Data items
####################

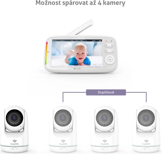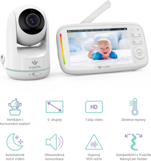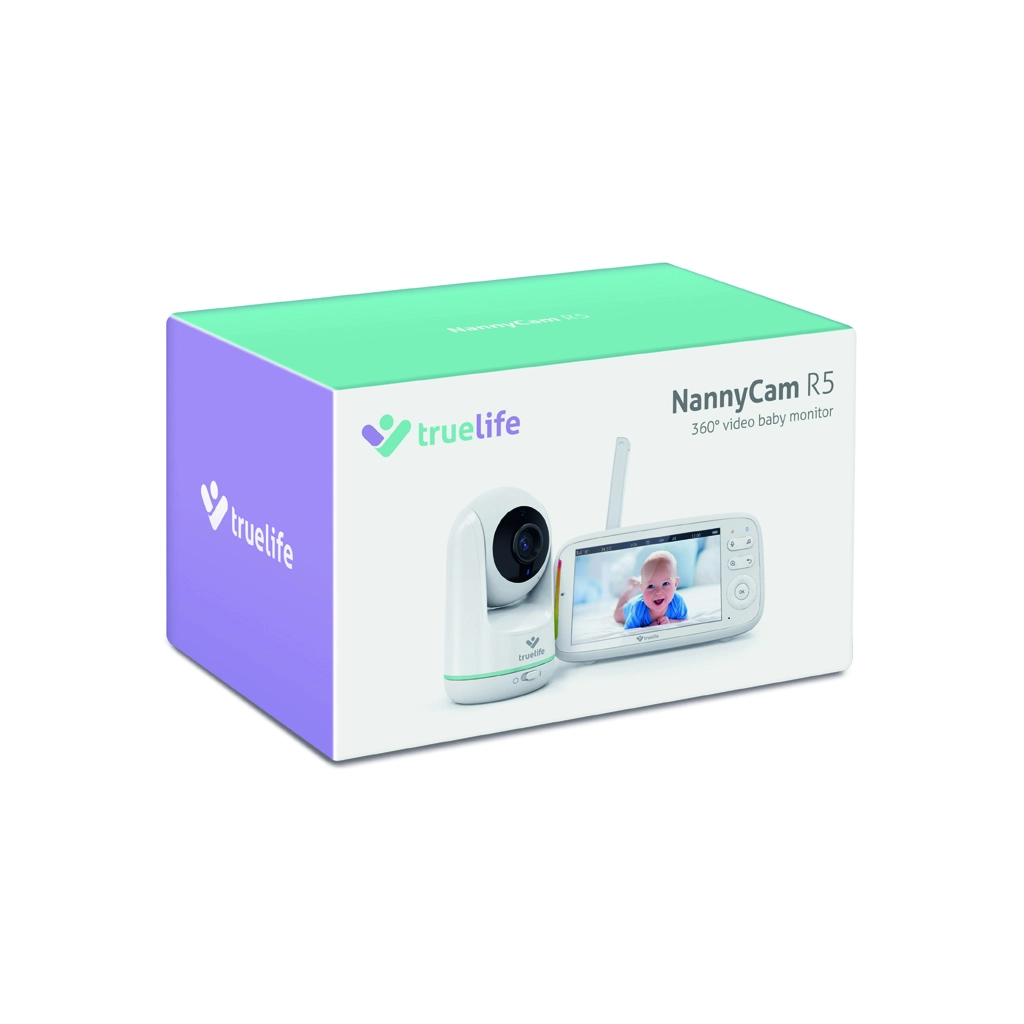 TrueLife NannyCam R5 je pouzdana video dadilja za moderne roditelje. Rotirajuća kamera s horizontalnim rasponom 330° i vertikalnim 135° u kombinaciji sa širokokutnom lećom pokriva cijelu sobu, dok HD razlučivost 720p osigurava čistu i oštru sliku na 5" IPS LCD zaslonu. Automatski noćni vid s infracrvenim diodama aktivira se sam, tako da vidite bebu i u potpunom mraku.
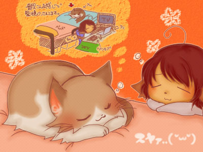 でも、そうやって寝てるアムを見てると癒されるんで休憩合間に眺めてるとそのままベッドに凭れ掛かって寝るか、コタツで寝るか…という立場逆転の寝床になってます。
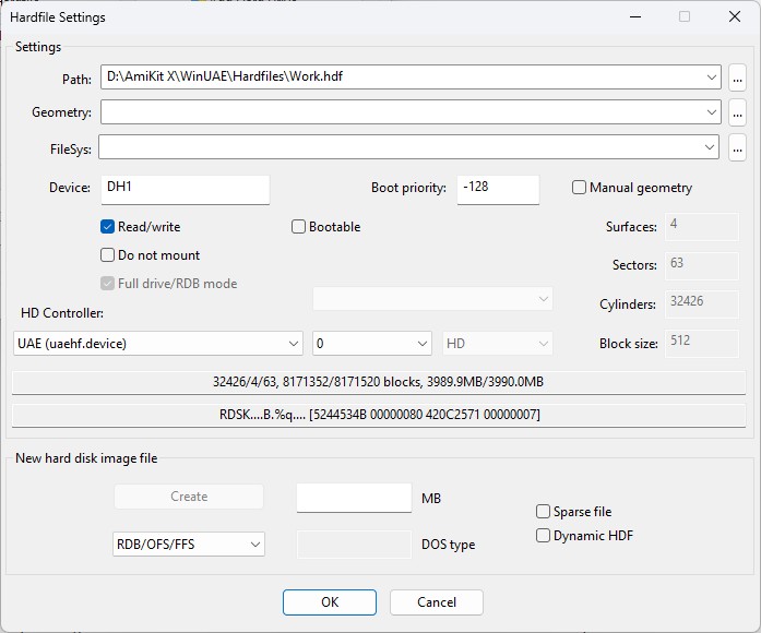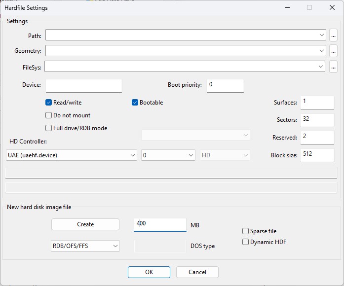 and you cannot access them from the PC side. To create a hardfile, select Add Hardilfe, then specify its size in megabytes e.g. 400 for a 400MB HardFile, then click Create, select a folder and specify a filename for the new HDF file and click Save. To add an existing HDF file, click on the dots for Path, specify a Device name e.g. DH1, set any other options such as Read/Write and Bootable and click ok to add it the virtual machine.
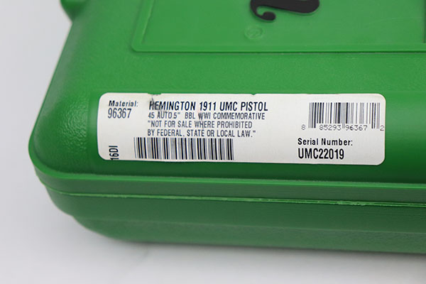 2/27/23 – The WWI UMC Commemorative 1911 is a joint venture between Remington Arms and Turnbull Mfg. Co. to reintroduce a historically accurate Remington-UMC 1911 and honor the 100 year anniversary of WW1 – one of only 1,000 made. This 1911 comes with all the appropriate markings including an eagle’s head on the slide/receiver and the proof mark on the barrel. It one is in like-new condition with no signs of wear or use. It comes with its original matching hard case and one magazine. The bore is like-new.
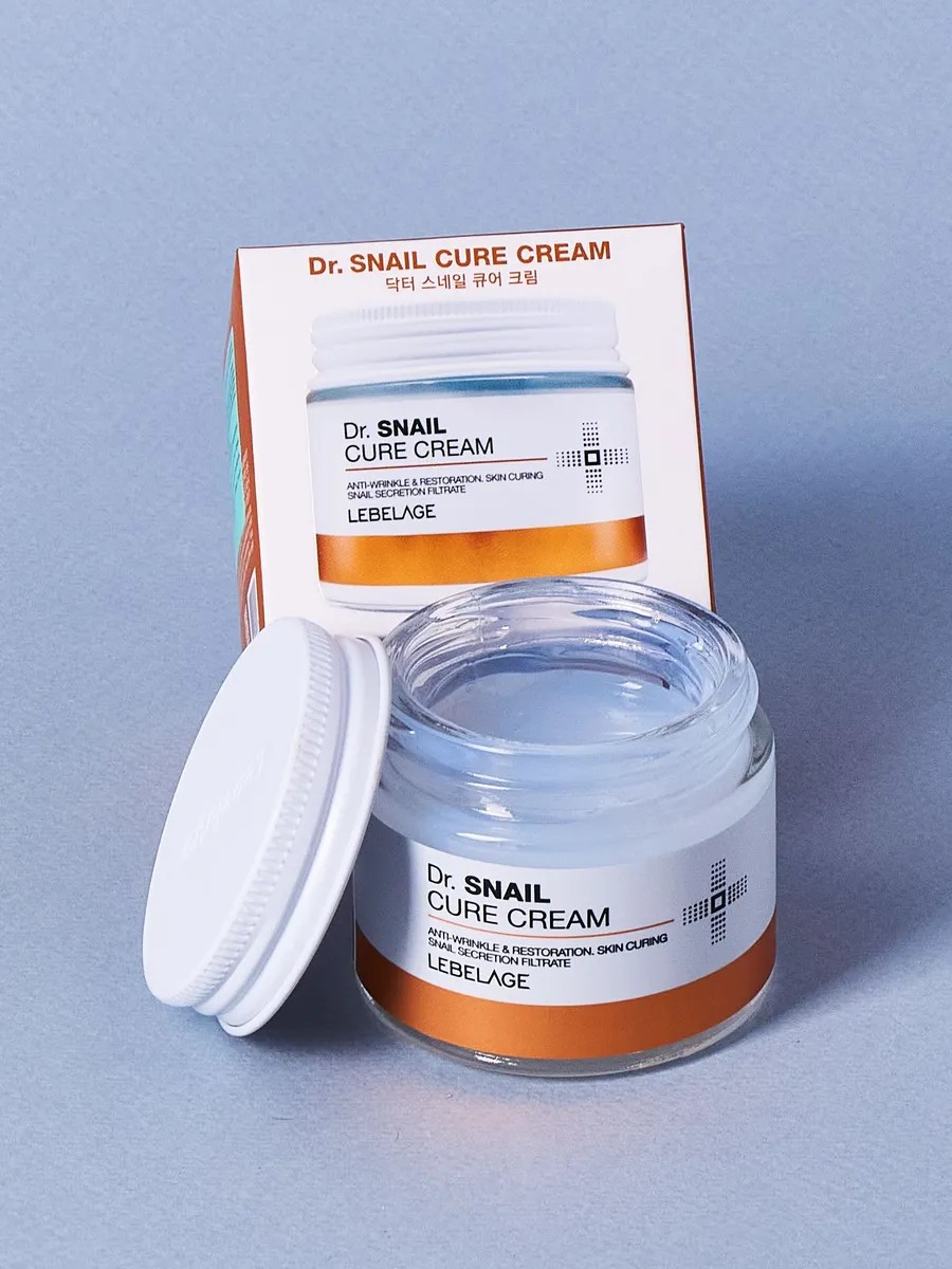 Крем Lebelage Dr. Snail Cure Cream стимулирует выработку коллагена и эластина, что способствует разглаживанию морщин и повышению упругости кожи.

####################

Problem to solve:
Your copy should hold only the lines running from the one that contains "でも、そうやって寝てるアムを" through the final line of the data; transcribe them exactly, both ends included, and leave pictures out.

Task solution:
 でも、そうやって寝てるアムを見てると癒されるんで休憩合間に眺めてるとそのままベッドに凭れ掛かって寝るか、コタツで寝るか…という立場逆転の寝床になってます。
 and you cannot access them from the PC side. To create a hardfile, select Add Hardilfe, then specify its size in megabytes e.g. 400 for a 400MB HardFile, then click Create, select a folder and specify a filename for the new HDF file and click Save. To add an existing HDF file, click on the dots for Path, specify a Device name e.g. DH1, set any other options such as Read/Write and Bootable and click ok to add it the virtual machine.
 2/27/23 – The WWI UMC Commemorative 1911 is a joint venture between Remington Arms and Turnbull Mfg. Co. to reintroduce a historically accurate Remington-UMC 1911 and honor the 100 year anniversary of WW1 – one of only 1,000 made. This 1911 comes with all the appropriate markings including an eagle’s head on the slide/receiver and the proof mark on the barrel. It one is in like-new condition with no signs of wear or use. It comes with its original matching hard case and one magazine. The bore is like-new.
 Крем Lebelage Dr. Snail Cure Cream стимулирует выработку коллагена и эластина, что способствует разглаживанию морщин и повышению упругости кожи.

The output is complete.